(Updated 6-1-2023)

 

  1. GENERAL. These Terms and Conditions of Services (“Terms”) govern all warranty, repair, trouble shooting, and diagnostic services (“Services”) provided by George Holden & Associates, Inc. (“Provider”) to any end user or customer (“Customer”). If these Terms are first tendered to Customer before Customer tenders a purchase order or similar document to Provider, these Terms are in lieu of any terms later submitted by Customer, and Provider rejects all additional or different terms and conditions of Customer, whether confirmatory or otherwise.  If Provider tenders these terms after the tender by Customer of other terms, whether as part of a purchase order or otherwise, then Provider’s acceptance of any offer by Customer associated with Customer’s terms is expressly conditioned upon Customer’s acceptance of these Terms exclusively and to the exclusion of any proffered Customer terms or conditions, regardless of whether these Terms contain any terms additional to, or different from, any terms proffered by Customer.  Customer’s performance, or acceptance of, or payment for, any Services from Provider will constitute Customer’s acceptance of these Terms exclusively.  If there is a proposal, quotation or an executed written services agreement in effect between the parties (each a “Service Agreement”), these Terms form a part thereof.  The Service Agreement and these Terms shall collectively be referred to as the “Agreement”.  Waiver by Provider of any breach, remedy or provision of the Agreement shall not be construed to be a waiver of any succeeding breach or any other provision or legal remedy of Provider.

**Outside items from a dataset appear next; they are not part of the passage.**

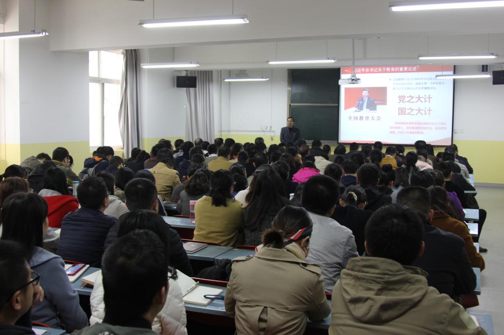 根据学校“不忘初心、牢记使命”主题教育总体部署安排,11月8日下午,校党委书记陈平社在教学南楼207教室为全校教工党员上了一堂生动精彩的主题教育专题党课。ac米兰官方网站全体教工党员参加了学习。
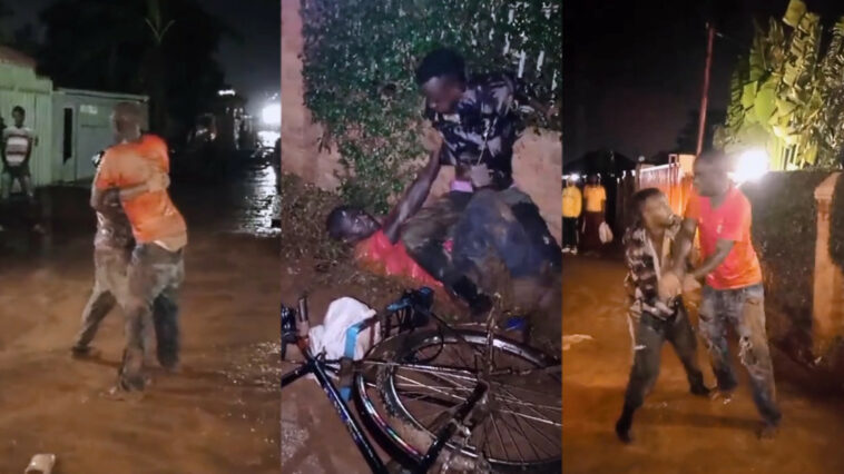 Umunyonzi witwa Bosco atimbaguranye na mugenzi we mu mvura umwe akajya aterura undi agakubitwa hasi bari gupfa utuntu tw’amafuti
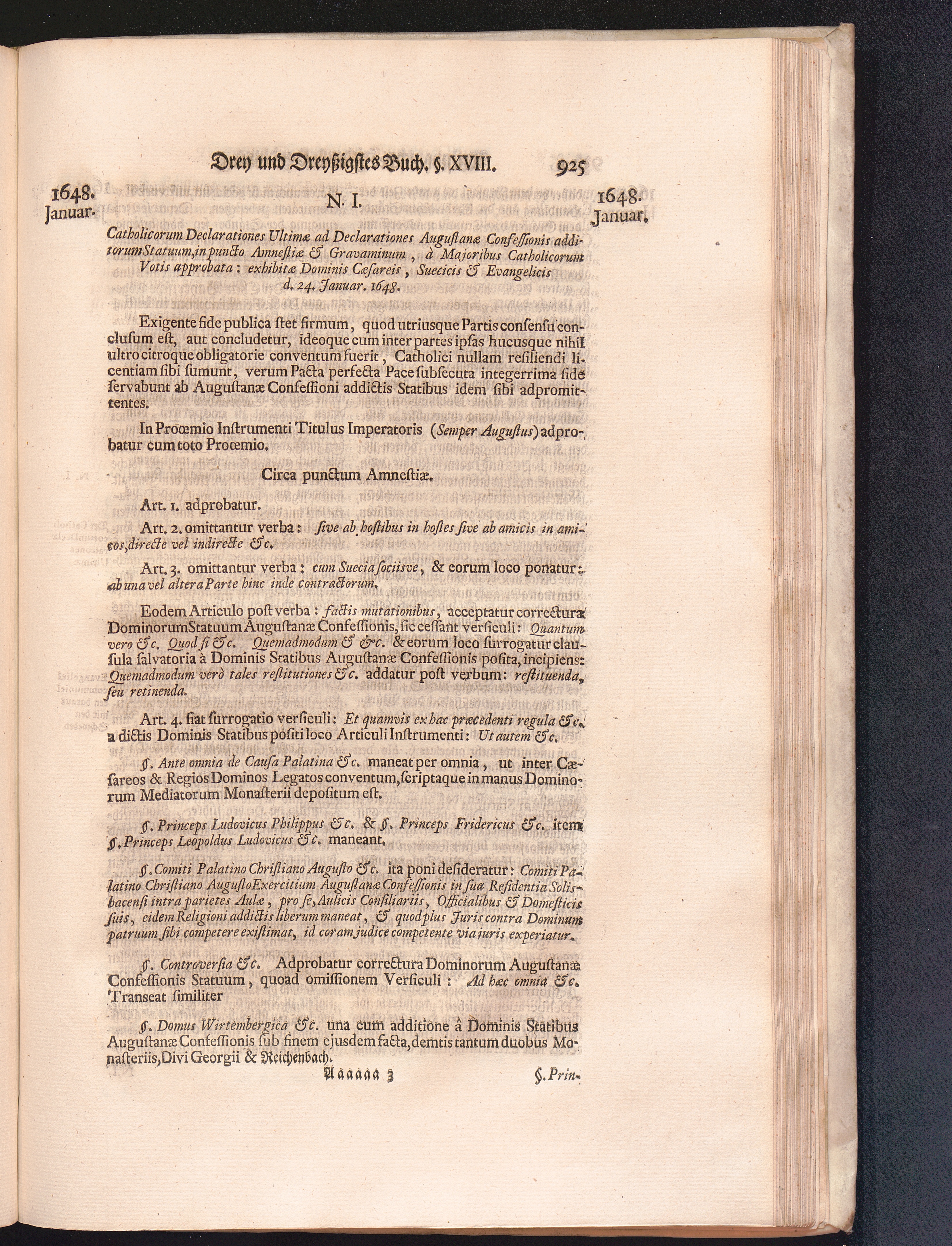 Vierdter Theil (1735) Worinnen enthalten, was vom Anfang des Jahrs 1647. biß gegen Ende desselben zwischen Jhro Römisch-Kayserlichen Majestät, dann den Beyden Cronen Franckreich und Schweden, ingleichen des Heiligen Römischen Reichs Chur-Fürsten, Fürsten und Ständen, zu Oßnabrück und Münster gehandelt worden

  2. WORKING HOURS. All Services shall be provided during Provider’s normal working hours unless otherwise agreed in writing between the parties.  Customer and Provider shall mutually agree on when Provider’s work on the project shall begin.

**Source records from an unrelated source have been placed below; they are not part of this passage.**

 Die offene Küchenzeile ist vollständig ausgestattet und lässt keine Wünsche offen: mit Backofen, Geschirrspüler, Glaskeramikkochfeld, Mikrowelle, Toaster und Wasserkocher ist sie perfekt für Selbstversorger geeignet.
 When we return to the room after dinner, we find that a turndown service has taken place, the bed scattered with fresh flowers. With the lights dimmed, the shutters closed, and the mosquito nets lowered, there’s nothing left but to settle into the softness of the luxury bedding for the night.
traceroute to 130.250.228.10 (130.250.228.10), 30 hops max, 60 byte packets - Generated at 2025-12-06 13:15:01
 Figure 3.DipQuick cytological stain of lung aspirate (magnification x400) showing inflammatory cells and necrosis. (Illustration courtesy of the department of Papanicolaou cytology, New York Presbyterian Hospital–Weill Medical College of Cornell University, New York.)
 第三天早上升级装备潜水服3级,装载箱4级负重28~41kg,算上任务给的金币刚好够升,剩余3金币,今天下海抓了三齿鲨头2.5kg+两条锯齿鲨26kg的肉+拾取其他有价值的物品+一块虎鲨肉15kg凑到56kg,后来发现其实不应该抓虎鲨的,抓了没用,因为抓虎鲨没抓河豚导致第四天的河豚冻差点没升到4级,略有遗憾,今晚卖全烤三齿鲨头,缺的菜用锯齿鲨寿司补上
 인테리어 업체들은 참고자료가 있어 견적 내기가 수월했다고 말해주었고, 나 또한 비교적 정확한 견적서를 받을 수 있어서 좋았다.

  3. CUSTOMER RESPONSIBILITIES. Customer shall: provide safe and reasonable access to the job site and equipment being serviced; provide a safe work environment; keep areas adjacent to equipment free of extraneous material; move any stock, fixtures, walls, partitions, ceilings, enclosures or such other property as may be necessary to perform the Services; promptly notify Provider of any unusual operating conditions; identify and label any asbestos containing material that may be present; operate any equipment supplied hereunder properly and in accordance with instructions; and remove and properly dispose of waste oil, refrigerant and any other material generated during the term of this Agreement.

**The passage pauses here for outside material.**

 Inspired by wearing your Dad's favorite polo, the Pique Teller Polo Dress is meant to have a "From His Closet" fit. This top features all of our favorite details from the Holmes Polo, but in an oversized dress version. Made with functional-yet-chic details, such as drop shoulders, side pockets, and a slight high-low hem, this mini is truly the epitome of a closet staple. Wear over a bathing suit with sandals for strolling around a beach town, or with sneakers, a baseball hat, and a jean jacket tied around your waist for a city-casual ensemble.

  4. OCCUPATIONAL SAFETY AND HEALTH. Provider and Customer agree to notify each other immediately upon becoming aware of an inspection under, or any alleged violation of, the Occupational Safety and Health Act (“OSHA”) relating in any way to the performance of work under this Agreement, the project or the job site.
  5. PRICE AND PAYMENT. Payment shall be made within thirty (30) days from the date of invoice. Customer shall pay Provider any taxes or government charges arising from the Services. If Customer claims that any such taxes or government charges do not apply to the provision of the Services, Customer shall provide Provider with acceptable tax exemption certificates or other applicable documents. Customer may not withhold payment of any amounts due and payable as a set-off of any claim or dispute with Provider, regardless of whether relating to Provider’s breach, bankruptcy or otherwise. Credit is extended at the sole discretion of Provider. Customer shall pay interest and service charges on overdue invoices from the due date until paid at a rate of 1.5% per month or the maximum legal rate, whichever is less, and any collection costs of Provider, including court costs and reasonable attorney fees.  NON-PAYMENT VOIDS ANY WARRANTY.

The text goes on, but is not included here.